F. Pacheco-Torgal: My letter to the editor of the Journal of Informetrics criticising the paper "From 'Sleeping Beauties' to 'Rising Stars'

See below the text of my letter criticizing the thesis proposed by J. Gorraiz, the author of the paper, who is affiliated with the University of Vienna.

J. Gorraiz’s recently published paper presents a conceptually stimulating and metaphor-laden examination of the ideological foundations of bibliometrics, tracing their origins to religious, moral, and philosophical traditions. While such a reflective approach is thought-provoking, the paper suffers from several substantive limitations—particularly when read in light of ongoing debates surrounding the practical utility, cost-efficiency, and predictive power of bibliometric tools in research evaluation.

The paper’s central thesis—that bibliometrics derive from religious and philosophical traditions—is built on an extended metaphorical scaffolding. Citations are likened to divine judgment, H-indexes to spiritual tallies, and “sleeping beauties” to secular miracles.

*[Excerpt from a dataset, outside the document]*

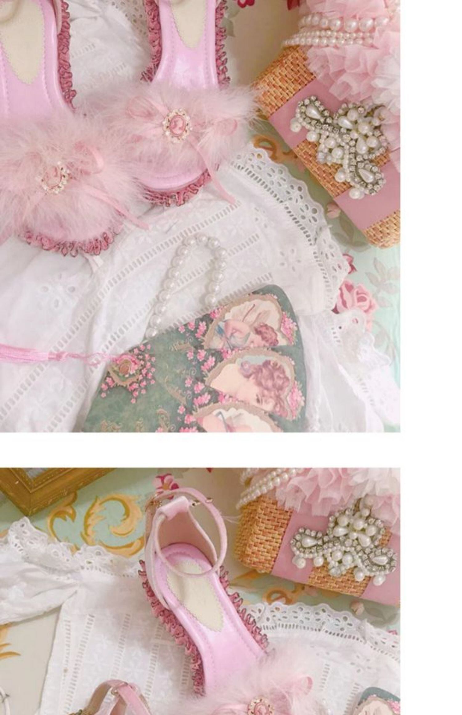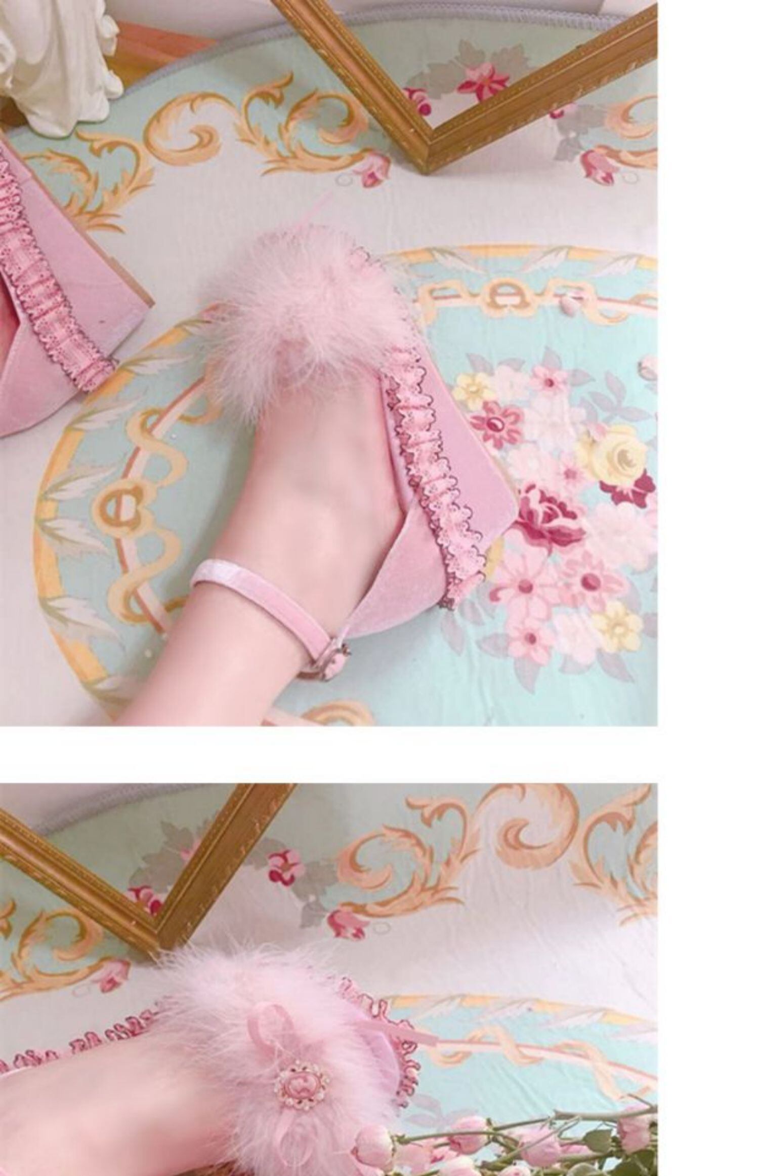 ✞✝✞ ベルベットモヘアピンクサンダル 靴 シューズ ピンク スウィート ✞✝✞ゴスロリ SM ミリ 甘ロリ クラロリ 和ロリ エレガント 黒ロリ 姫ロリ 華ロリ DD-DD0248996
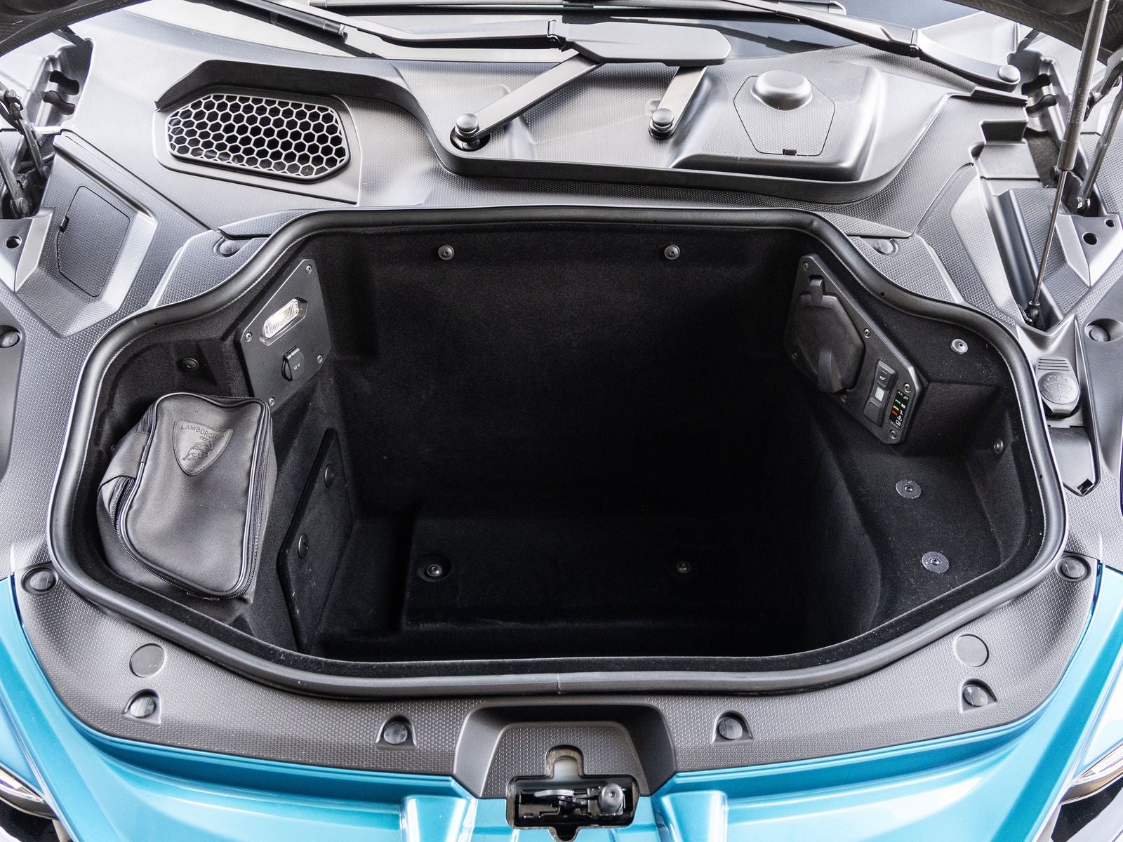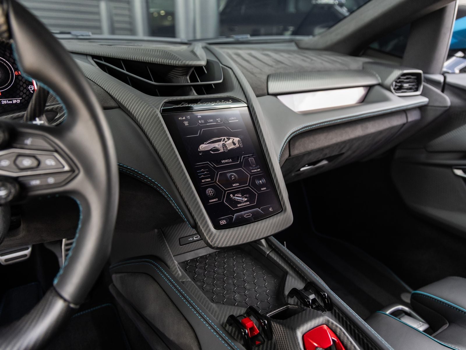 The Revuelto stands as Lamborghinis revolutionary flagship, its Blu Uranus exterior radiating sophistication and aggression in equal measure. Sculpted with sharp aerodynamic lines and enhanced by the Extended Shiny Carbon Pack, this supercar commands attention from every angle. Sitting on Altanero Shiny Black 21/22 wheels and complemented by Nero Lucido carbon ceramic brake calipers, its presence is both futuristic and unmistakably Lamborghini.

While these metaphors may have rhetorical appeal, they ultimately distract from more pressing empirical and methodological issues. There is no engagement with recent literature on field-normalized citation metrics, responsible metric frameworks (such as the Leiden Manifesto or DORA), or citation dynamics in different disciplines. Nor does the paper propose concrete methodological or policy alternatives. The result is a text rich in allegory but impoverished in evidence, leaving readers without clear guidance for improving bibliometric practice.

Gorraiz asserts that a low citation count does not imply irrelevance; it may reflect novelty. While this claim holds some truth, the argument is selectively framed and omits crucial empirical counterevidence. Notably, he fails to mention the robust findings from Clarivate Analytics, whose “Citation Laureates” methodology—based on identifying papers with exceptionally high citation counts (over 1,000)—has successfully predicted more than 70 Nobel Prize winners. Moreover, it is worth recalling the analysis by Traag and Waltman (2019), which demonstrated that citation-based metrics exhibit a strong correspondence with expert peer review assessments, particularly in fields such as Physics, Clinical Medicine, and Public Health.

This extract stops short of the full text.